Measuring GHG emissions
Clearly no net zero strategy is possible without proper identification and calculation of GHG emissions. However, this is the weak spot of many climate neutrality pledges, not only in the insurance industry. A company's GHG emissions are usually divided into three categories according to global standards of the Greenhouse Gas Protocol. Scope 1 covers direct GHG emissions from the company, such as from factories or company cars. Scope 2 includes GHG emissions for the generation of energy used by the company (electricity, heating, cooling and steam). Scope 3 covers all other indirect GHG emissions, including emissions from the business operations of insured or financed companies.
Such "financed GHG emissions" and "insured GHG emissions" are particularly difficult to capture since they must be accurately allocated to the respective financing or insurance. The Partnership for Carbon Accounting Financials (PCAF) developed standards for the calculation and disclosure of financed emissions for certain asset classes at the end of 2020. Currently, PCAF is working on a new standard for "insured emissions" from insurers and reinsurers in cooperation with NZIA. Regardless of emerging standards, GHG emissions can only be allocated correctly if they are known. This leads to another weak spot of the financial industry's climate ambitions: in the absence of comprehensive and standardised disclosure obligations, insurers are forced to work with a very limited patchwork of information.
Leading the way on net zero in the insurance industry
One of the first net zero initiatives deals with insurers' investments and was co-founded by Allianz and Swiss Re in 2019. The Net-Zero Asset Owner Alliance (NZAOA) now has 58 members including many insurers, reinsurers and pension funds. In total, they hold US$9.3 trillion (€8 trillion) in investments. NZAOA members have committed to achieving net zero in their investment portfolios by 2050 and regularly reporting on their progress. While NZAOA publishes guidance and provides support on target setting and achievement members are free to choose the measures that will lead to their net zero goal. Akin to the Paris Agreement, members set their own interim targets every five years.
In October 2020, NZAOA issued guidance on how members can set and publish the first interim target for 2025. Instead of a purely linear reduction of GHG emissions across all asset classes and sectors, NZAOA proposes sector-specific targets based on the IPCC calculations which consider reduction potential and technological progress. For example, Allianz committed in January 2021 to reduce GHG emissions from equities and corporate bonds by 25% and to implement a strategy for its real estate investments by 2025 that ensures their GHG neutrality by 2050.

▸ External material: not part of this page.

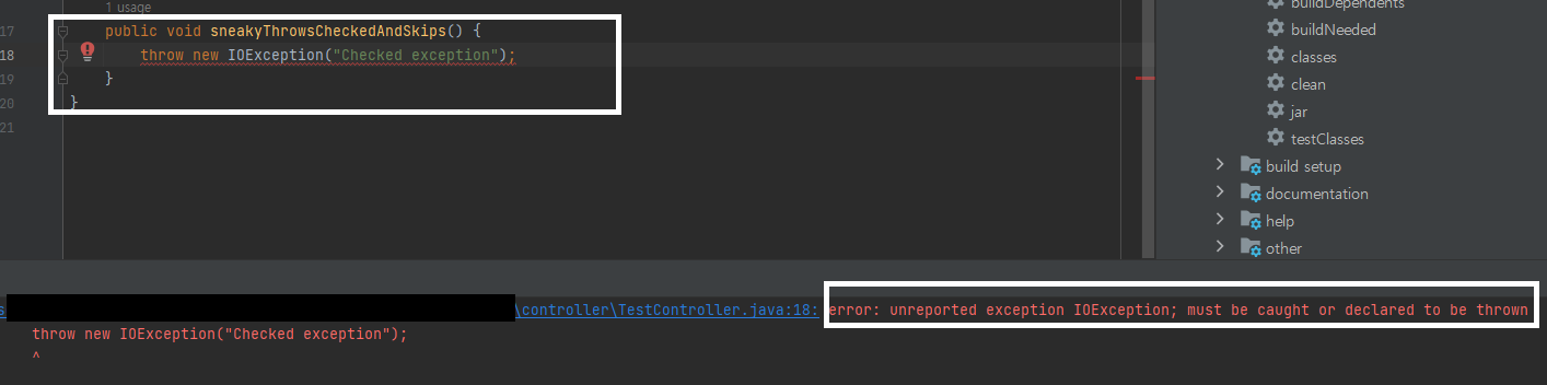 - 위에 선언한 sneakyThrowsCheckedAndSkips 메소드를 다른 메소드에서 호출하고자 한다면 다음과 같이 메시지가 나옵니다.

Although NZAOA is driven by the insurance industry, it is also open to other big investors and, more importantly, does not consider the liability side of the insurance business. In July this year, a new net zero initiative dedicated to the industry launched under the leadership of AXA and the United Nations Environmental Programme Finance Initiative (UNEP FI): The Net-Zero Insurance Alliance (NZIA) now has 15 members, including global giants like Aviva, Munich Re, Allianz, Swiss Re and Zurich. NZIA is also committed to the Paris Agreement goals and aims to achieve net zero by 2050. NZIA focuses on insurance underwriting and the members' potential to reduce overall GHG emissions by a respective underwriting and engagement policy. Since NZIA only covers the liability side of the insurance business, members are advised to also make their investments GHG neutral by 2050 and join NZAOA.
Similar to NZAOA, it is up to NZIA members to define specific measures to achieve the targeted GHG neutrality. Each member commits to implement the net zero concept in all relevant areas. This includes developing underwriting guidelines, engaging clients in dialogue on decarbonisation, developing innovative products and solutions, making claims handling more sustainable and integrating climate factors and net zero targets into risk management. NZIA is currently working on respective guidance for its members.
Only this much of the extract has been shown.